* **TASK**
Exclude images, then output the remaining data verbatim.

Records drawn from a dataset:
★ ★ ★ ★ ★ ★ ★
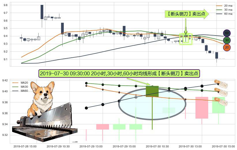 ⚀ 2019-07-30 09:30:00小时显现 20小时-30小时-60小时均线 【断头铡刀】卖出点 看空信号,后市看跌,卖出
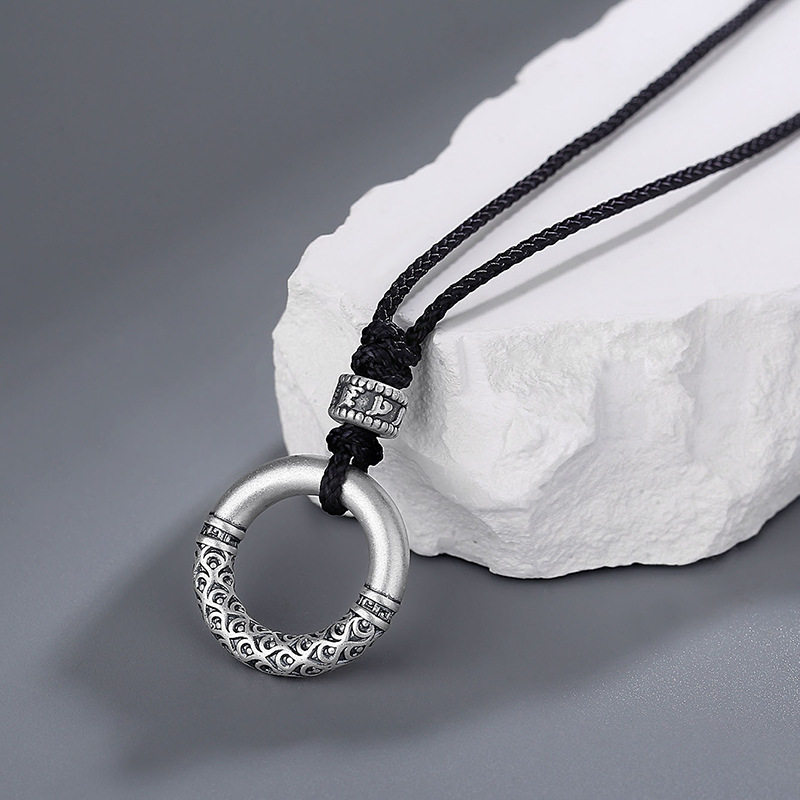 实心平安扣项链男款999纯银男生挂坠男士吊坠新年生日礼物送男友
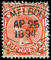 ![]() 13 January 1894. Used on a wrapper to Gordon & Gotch. |
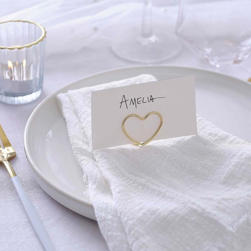 De vackra hjärtformade korthållarna i guld från Ginger Ray är perfekta för att skapa en romantisk och elegant dukning vid bröllop, jubileum eller andra speciella tillfällen. Med dessa bordsplaceringshållare och tillhörande placeringskort kan du enkelt markera gästernas platser eller information om rätter och allergier.
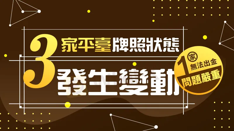 本周共有3家平台牌照狀態發生變動,其中有一家當前已經無法出金。
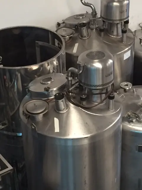 Cuve à liqueur mère d'occasion en acier inoxydable 316. - Volume - Capacité totale: L - Matériel - Acier inoxydable 316/316L - Caractéristiques techniques - Année de fabrication: 1995 - Pression de service du corps: ATM bar - Température de service du corps: AMB °C - Dimensions - H
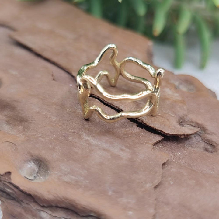 This ring is made up of two silhouettes of the island of Elba that are joined on the right side (Lato Cavo/Porto Azzurro) in its upper part. From size 19 onwards the ring is made with 3 silhouettes of the island.
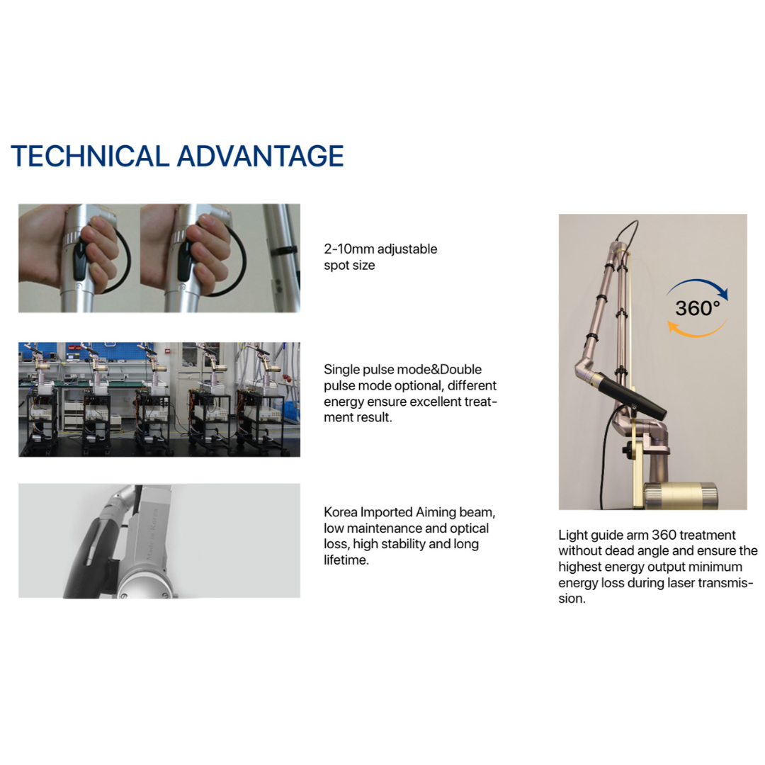 - Laser arm boasts precise reflection accuracy, minimal energy loss, a consistent light spot, and a reliably stable output.
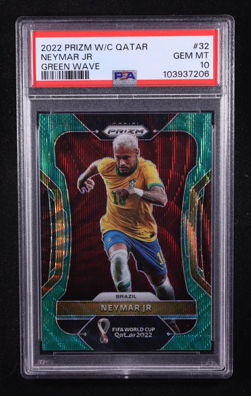Neymar Jr 2022 Panini Prizm World Cup Prizms Green Wave #32 (PSA 10)
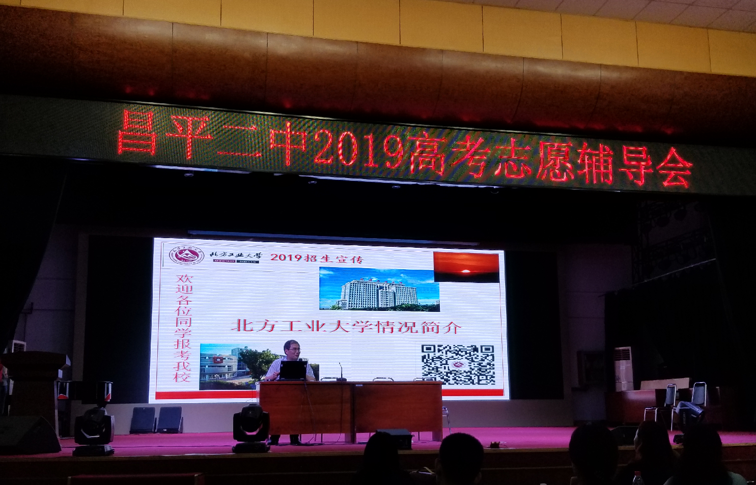 ???為擴大學校影響力,讓考生全面深入了解我校辦學情況,根據(jù)學校招生工作的安排,應昌平二中的邀請,理學院院長張建國、理學院黨委副書記李冱岸于6月9日上午赴昌平二中開展招生宣傳活動。昌平二中張云副校長接待并做了細致安排。此次活動是昌平二中在高考結束的第二天為該校家長學生安排的一次志愿填報輔導會。在該校老師對廣大家長考生進行了填報志愿輔導后,我校李冱岸教授就北方工業(yè)大學的基本情況、招生政策、學校特色...
★ ★ ★ ★ ★ ★ ★
* **RESULT FOR THIS TASK**
 ⚀ 2019-07-30 09:30:00小时显现 20小时-30小时-60小时均线 【断头铡刀】卖出点 看空信号,后市看跌,卖出
 实心平安扣项链男款999纯银男生挂坠男士吊坠新年生日礼物送男友
 ![]() 13 January 1894. Used on a wrapper to Gordon & Gotch. |
 De vackra hjärtformade korthållarna i guld från Ginger Ray är perfekta för att skapa en romantisk och elegant dukning vid bröllop, jubileum eller andra speciella tillfällen. Med dessa bordsplaceringshållare och tillhörande placeringskort kan du enkelt markera gästernas platser eller information om rätter och allergier.
 本周共有3家平台牌照狀態發生變動,其中有一家當前已經無法出金。
 Cuve à liqueur mère d'occasion en acier inoxydable 316. - Volume - Capacité totale: L - Matériel - Acier inoxydable 316/316L - Caractéristiques techniques - Année de fabrication: 1995 - Pression de service du corps: ATM bar - Température de service du corps: AMB °C - Dimensions - H
 This ring is made up of two silhouettes of the island of Elba that are joined on the right side (Lato Cavo/Porto Azzurro) in its upper part. From size 19 onwards the ring is made with 3 silhouettes of the island.
 - Laser arm boasts precise reflection accuracy, minimal energy loss, a consistent light spot, and a reliably stable output.
Neymar Jr 2022 Panini Prizm World Cup Prizms Green Wave #32 (PSA 10)
 ???為擴大學校影響力,讓考生全面深入了解我校辦學情況,根據(jù)學校招生工作的安排,應昌平二中的邀請,理學院院長張建國、理學院黨委副書記李冱岸于6月9日上午赴昌平二中開展招生宣傳活動。昌平二中張云副校長接待并做了細致安排。此次活動是昌平二中在高考結束的第二天為該校家長學生安排的一次志愿填報輔導會。在該校老師對廣大家長考生進行了填報志愿輔導后,我校李冱岸教授就北方工業(yè)大學的基本情況、招生政策、學校特色...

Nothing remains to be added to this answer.